Braian se sentía descontento con el deber de obedecer órdenes del jefe de Las Hormigas. En cada golpe el joven, observador obsesivo, se convencía más y más de poder actuar en soledad, y consecuentemente no tener que dividir el producido del robo. La bronca de las órdenes le producía un nudo en la garganta. La ansiedad desbordaba sus frenos inhibitorios. Al fin la seguridad de sus actos determinó su conducta solitaria.
Una noche, el joven sin que nadie lo supiera salió de su casa, silencioso y mirando de reojo. Era invierno, estaba bien abrigado y llevaba una gorrita con la visera para la nuca. Tan seguro estaba de su conducta y decisión que hasta dejó debajo del su colchón la capucha, pegada al suelo de cemento, pues no tenía cama. Esa noche, el destino le indicó que nunca debió salir de su guarida.
La familia Iriarte ingresaba con su automóvil a la casa de la Av. Gaona, en el barrio de Flores. El rodado había terminado de entrar al garage y el portón eléctrico estaba a medio cerrar. Arma en mano, Braian se deslizó por el espacio que quedaba y logró ingresar.
Pedro Iriarte, advertido por los gritos de su esposa y su hija descendió del auto con su pistola 9 milímetros. El tiroteo dejó como trágico saldo a las dos mujeres muertas, y a Pedro Iriarte mal herido. El joven forajido logró huir del escenario sangriento. Pedro Iriarte nunca pudo olvidar el gran tatuaje que el joven tenia en su mejilla con forma de araña.
Así las cosas, lejos de desanimarse, Centurión, en los días sucesivos, continuó con la misma modalidad de robos. Solitario, atacaba a familias indefensas, generaba daños psicológicos y psiquiátricos, además de despojos dinerarios que en familias de clase media significaban la antesala a la miseria.
Un delincuente pude robar mucho durante mucho tiempo, pero no puede robar
eternamente. Esto es una ley no escrita, pero una ley que el malviviente conoce, aunque ni siempre la respeta.
Confiado, los robos de Braian eran cada vez menos intimidatorios, menos violentos y con menor agresividad. Igualmente conseguía lo que iba a buscar.
Esa excesiva confianza lo llevó un día a la cárcel de Villa Devoto, acusado del último robo. Los demás quedaban impunes.
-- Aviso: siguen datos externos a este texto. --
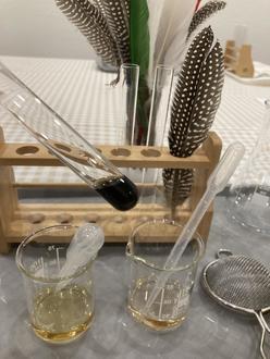 Wir stellen “Ewigkeitstinte” her und schreiben mit Federn. Versilbern von Glas!

Cuando ingresó a la unidad carcelaria lo invadió un sentimiento de resignación. Tal vez con 6 ó 7 años de prisión pudiera recuperar la libertad. Después de todo no era tanto tiempo. Era mucho daño el que había generado en las calles.
El jefe de la cárcel de Villa Devoto, acostumbraba a entrevistar personalmente a los nuevos presos. De allí se establecía, de acuerdo a las reglas de la sana crítica, el pabellón de alojamiento; las medidas de mediana ó máxima seguridad; la distinción de delincuentes primarios de los reincidentes; jóvenes de adultos, etc.
Esa tarde, Braian Centurión ingresó desafiante al despacho del jefe carcelario. El joven de pié y con las manos esposadas detrás de su cintura. La araña en su rostro, hasta parecía que caminaba. El jefe era viudo, se llamaba Pedro Iriarte. Braian no lo reconoció.
Iriarte se puso de pie, aguantó la respiración. Comenzó a sudar, le bajó la presión, tuvo náuseas. Pidió que saquen al preso inmediatamente de su despacho. Luego se sentó, no sabía qué hacer. Hubiera querido estar en el cementerio con su esposa y su hija. Bajo tierra, la paz mortal hubiese sido su refugio más dulce.
Pedro Iriarte, no lograba reaccionar. Pensaba cómo tomar venganza, ahora que lo tenía todo al alcance de sus manos. Pensó en alojar al preso en el pabellón número 1, el más violento, haciendo saber a los demás reos que Centurión había violado a una niña, los presos se encargarían de hacer lo suyo. Pensó en alojarlo en el hospital penitenciario, donde las probabilidades de contraer una enfermedad respiratoria letal, son casi absolutas, en tal caso la muerte sería lenta, una vida consumida con ensañamiento. Pensó y pensó, pero no se decidió por ninguna alternativa.
A las 20 horas, los guardias de la jefatura escucharon un disparo ejecutado dentro del despacho de Iriarte. El suicidio fue la herramienta que lo catapultó junto a sus seres queridos. Se mató con la misma arma que años atrás había intentado defender a su esposa y a su pequeña hija. La depresión pudo más que la sed de venganza.